When the R-words er, hier, daar of waar (‘there’, ‘here’, ‘there’ or ‘where’, respectively) form a pronominal adverb together with a preposition, they are often written as one word11 (e-ANS 2021: 9.5); however, this does not apply to the R-words overal, ergens and nergens (‘everywhere’, ‘somewhere’ and ‘nowhere’):
(10)Je moet ergens in geloven.
lit. You have to somewhere in believe
‘You have to believe in something’
It is by no means possible to construct a PP with an R-pronoun with every preposition; there are about 40 Dutch prepositions (mostly from more formal registers or jargon) with which that is out of the question (e-ANS 2021: section 8.7.1.3).

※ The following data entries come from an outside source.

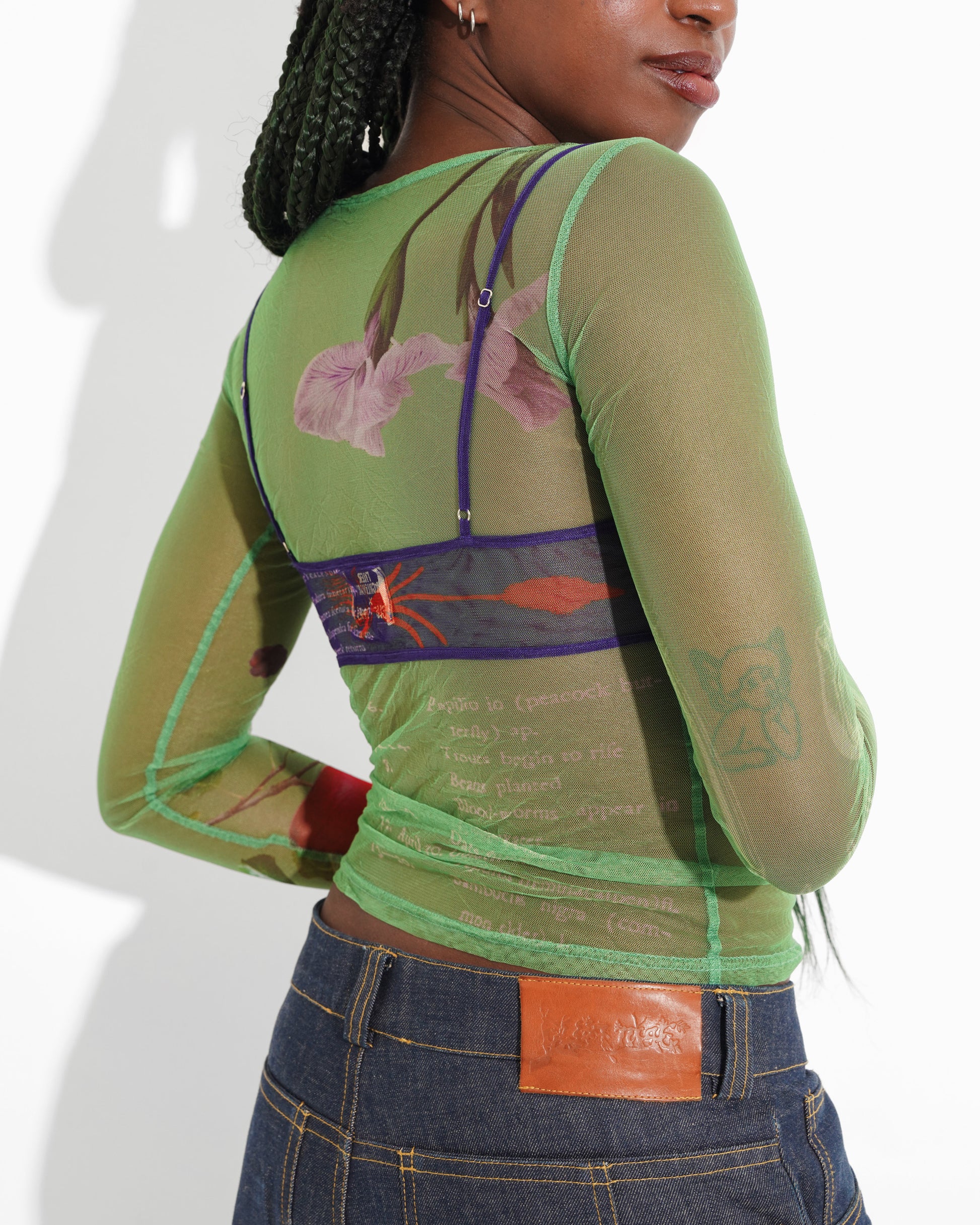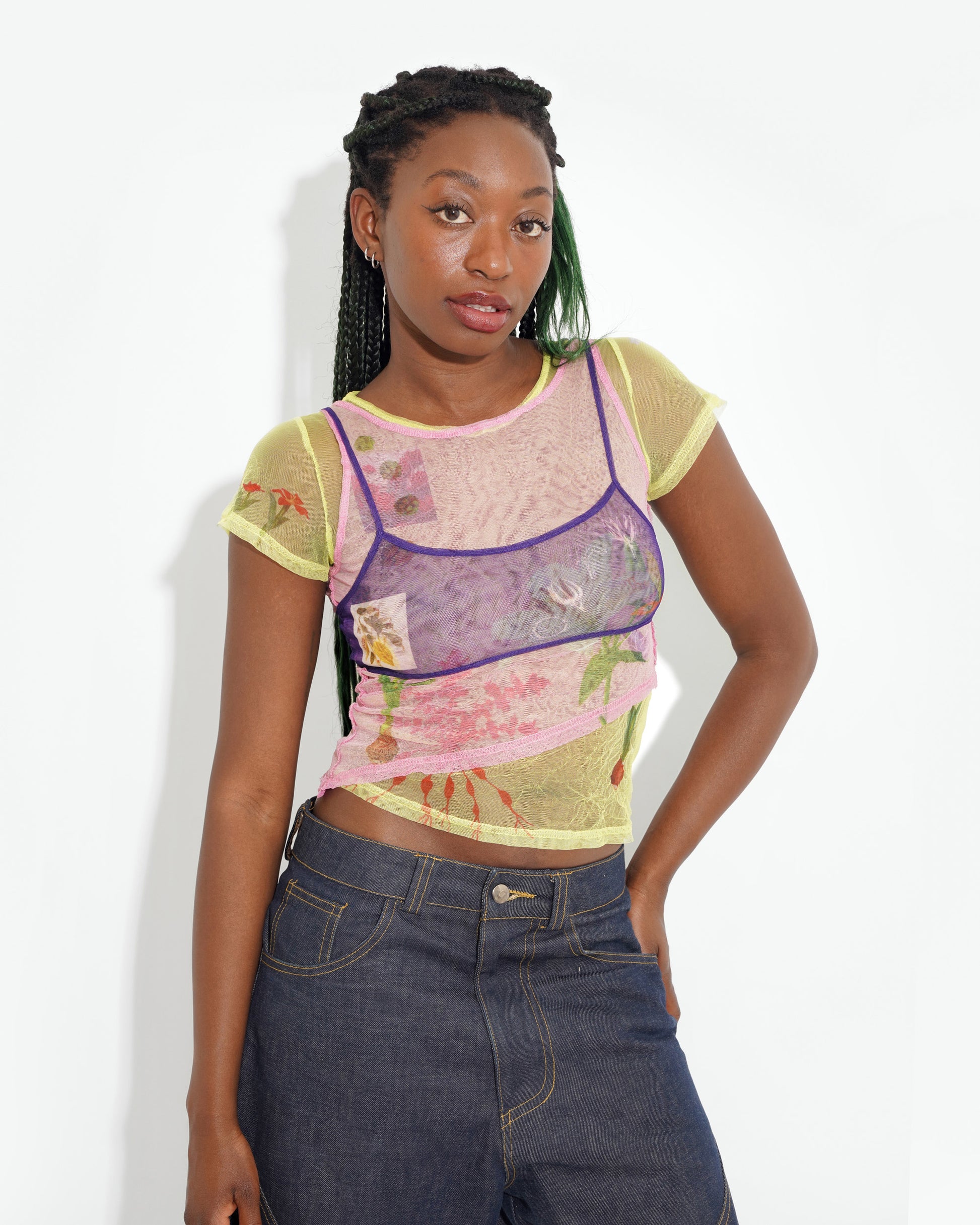 Made in collaboration with Tyler McGillivary, the Life Cycle Top is a four-piece crinkle mesh set that begs to be layered. It features the highlights of your high school biology textbook; The Life Cycle Top tells the story of a plant from seed to flower to fruit. Included in the set are one bralette, one long sleeve, one t-shirt, and one tank. Varying colors, hemlines, sleeve lengths, and pattern layouts make layering a dream.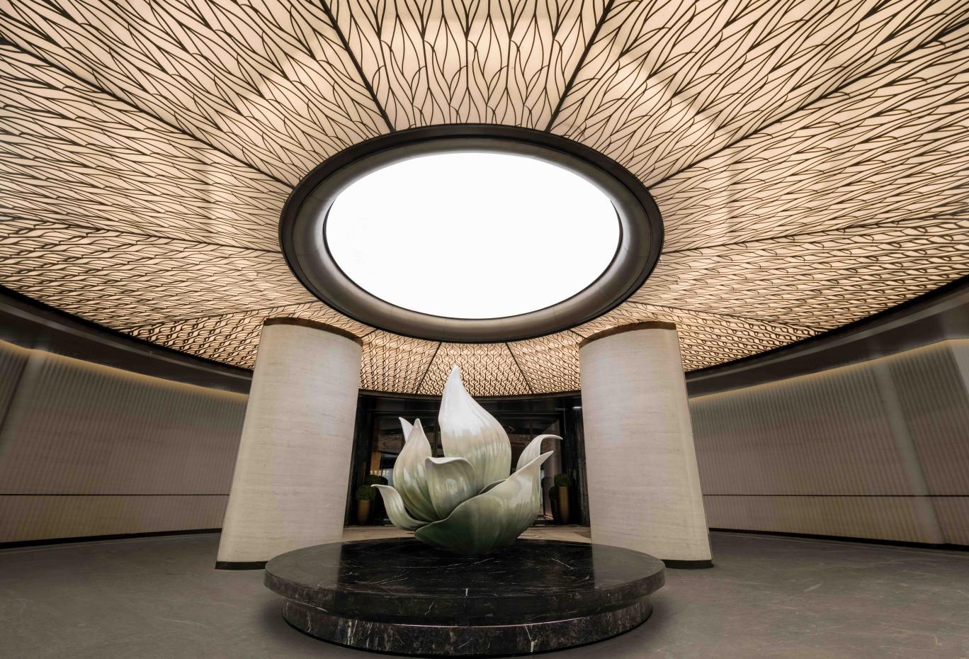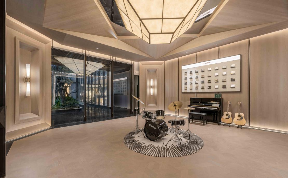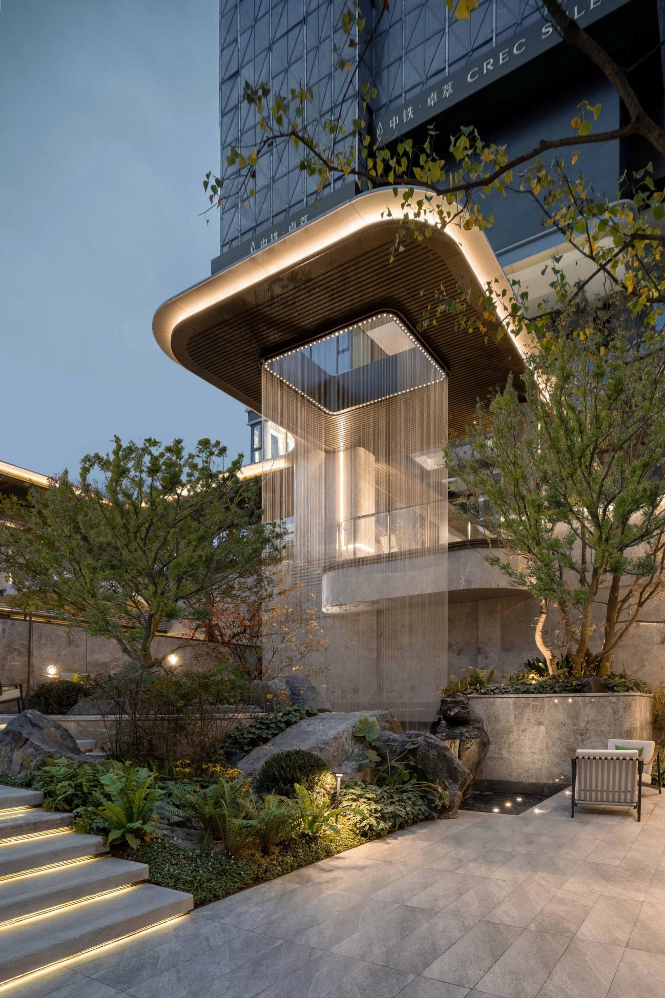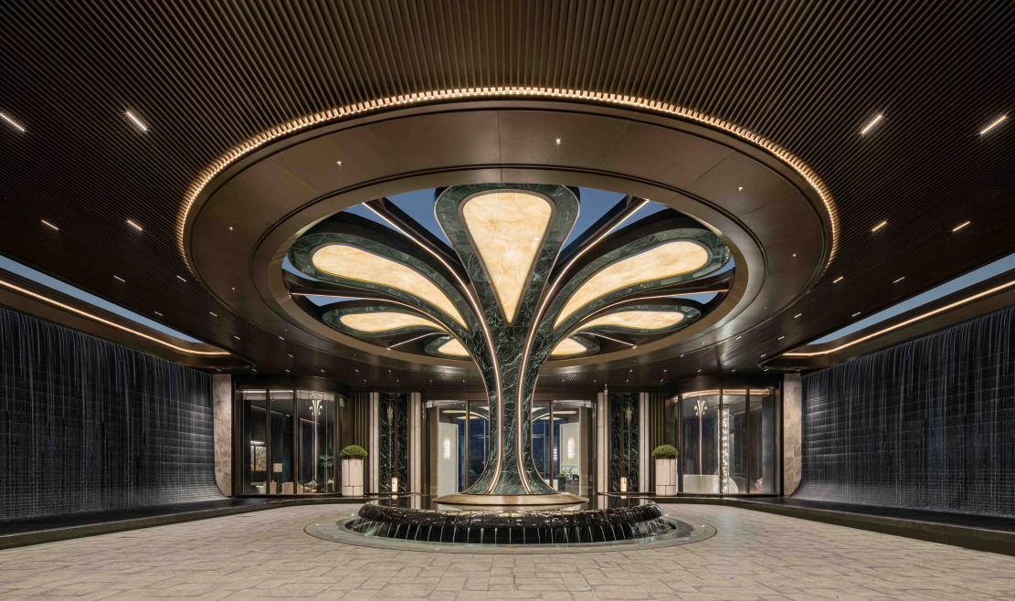 该项目以“生命之树”为核心设计理念,将自然环境的氛围垂直延伸至每家每户。据该项目负责人介绍,每户拥有的生态阳台在确保挑高与充足日照的同时,通过合理的进深与系统绿化,打造出真正可感可用的“空中花园”。从社区入口的普拉达绿奢石艺术装置,到架空层的泛会所空间,生态与美学渗透至社区的每个角落。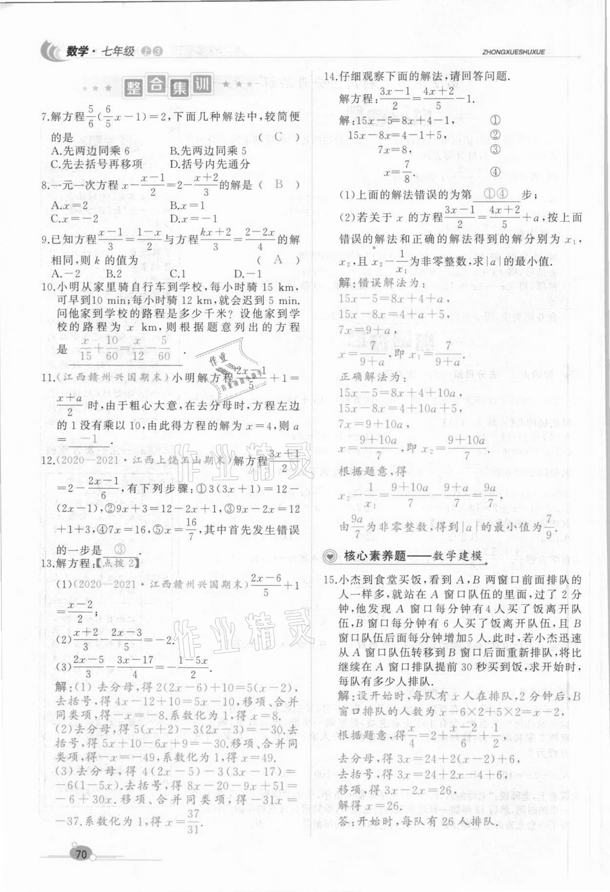2021年A加优化作业本七年级数学上册人教版江西专版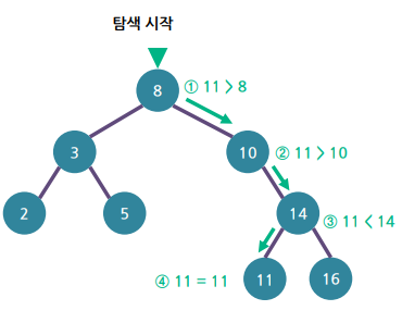 ① 찾는 키 값 11을 루트 노드의 키 값 8과 비교(찾는 키 값 11 > 노드의 키 값 8)이므로, 오른쪽 서브 트리를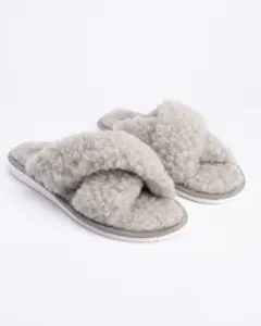 WoolLando dabīgās merino vilnas pelēkas atvērtas purngalu čības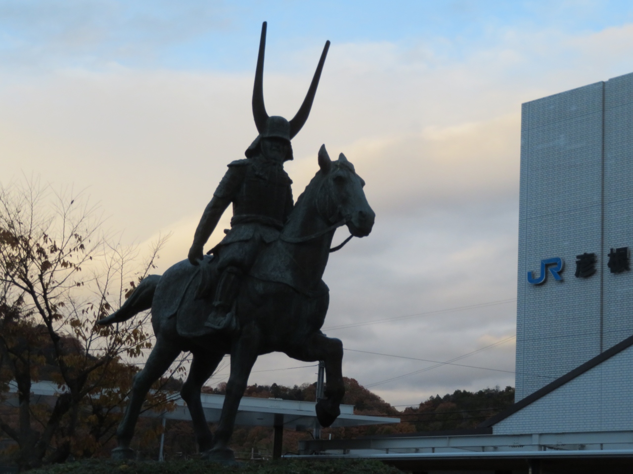 JR彦根駅を出るとすぐに目に入ってくるのがこの銅像。彦根藩の初代藩主であった井伊直政の像です。鎧兜を身に着けて馬に乗っている姿は勇ましく戦国武将だったことがわかります。とくに兜のから伸びている角のようなものかとても長くて特徴的でかっこよいく見えました。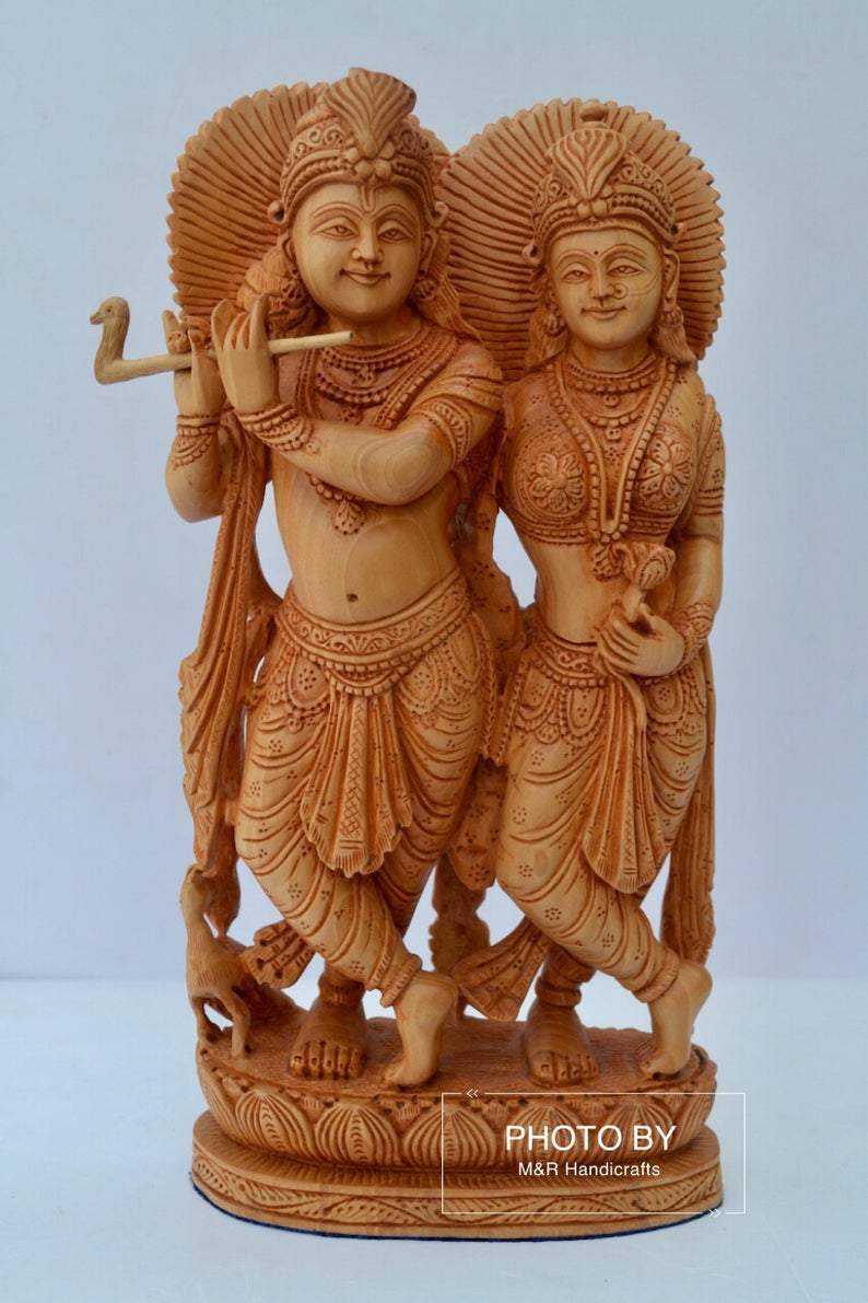 This beautiful hand carved figurine is carved from one piece of kadam wood and depicts story of Goddess Radha and God Krishna in Hinduism .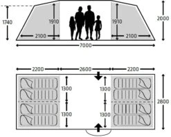- Überzelt: Hydrotex AWT-T, 30D, 335T, Ripstop, silikonbeschichtete Außenseite, innen PU, 100 % Polyester

As already pointed out in Section 1 and Section 3.1, one of the syntactic properties of Dutch PPs containing an R-pronoun is that they can be split without any consequences for the meaning. As a result of the splitting, the preposition is left behind; this phenomenon is therefore generally referred to as preposition stranding.12
There are three types of splitting. One type (further referred to here as type 1-splitting) results from the presence of an adverbial clause (11a), an NP (which is then an object—(11b)) or a PP (11c). Examples are:
(11a)ik wacht al lang er op
ik wacht er al lang op
‘I have been waiting for a long time’
(11b)Eva koopt een boot er van
Eva koopt er een boot van
‘Eva buys a boat from it’
(11c)hij kijkt met een verrekijker er naar
hij kijkt er met een verrekijker naar
‘he looks at it with binoculars’
Another type of splitting (henceforth type 2-splitting) results from fronting of the R-pronoun without pied-piping.13 Examples are
(12a)hier wacht ik op
‘this is what I am waiting for’
(12b)daar droomt ze van
‘that is what she dreams of’
which again results in preposition stranding 14. Pied-piping would have resulted in:
(12a’)hier op wacht ik
(12b’)daar van droomt ze
The 3rd type is somewhat like type 1, although the NP is invariably the subject and er (and variants) is here a dummy subject (Bennis 1986) or expletive element. Examples are (from the data dealt with in this study):
(13a)D’r is een tekenfilm van (a12d02)
Daar van is een tekenfilm
‘There is a cartoon of it’
(13b)Er moesten batterijen in (a12m01)
batterijen moesten er in
‘It needed batteries’
(13c)Zit er iets in? (n12t02)
Zit iets er in?
‘Is there something in it?’
Unlike type 2, er (or a variant of er) in this type can be fronted, but pied-piping is not possible—it is possible with a related, phonologically heavier R-word like daar (13a). In the last two utterances, the R-pronoun also seems to have a locative meaning.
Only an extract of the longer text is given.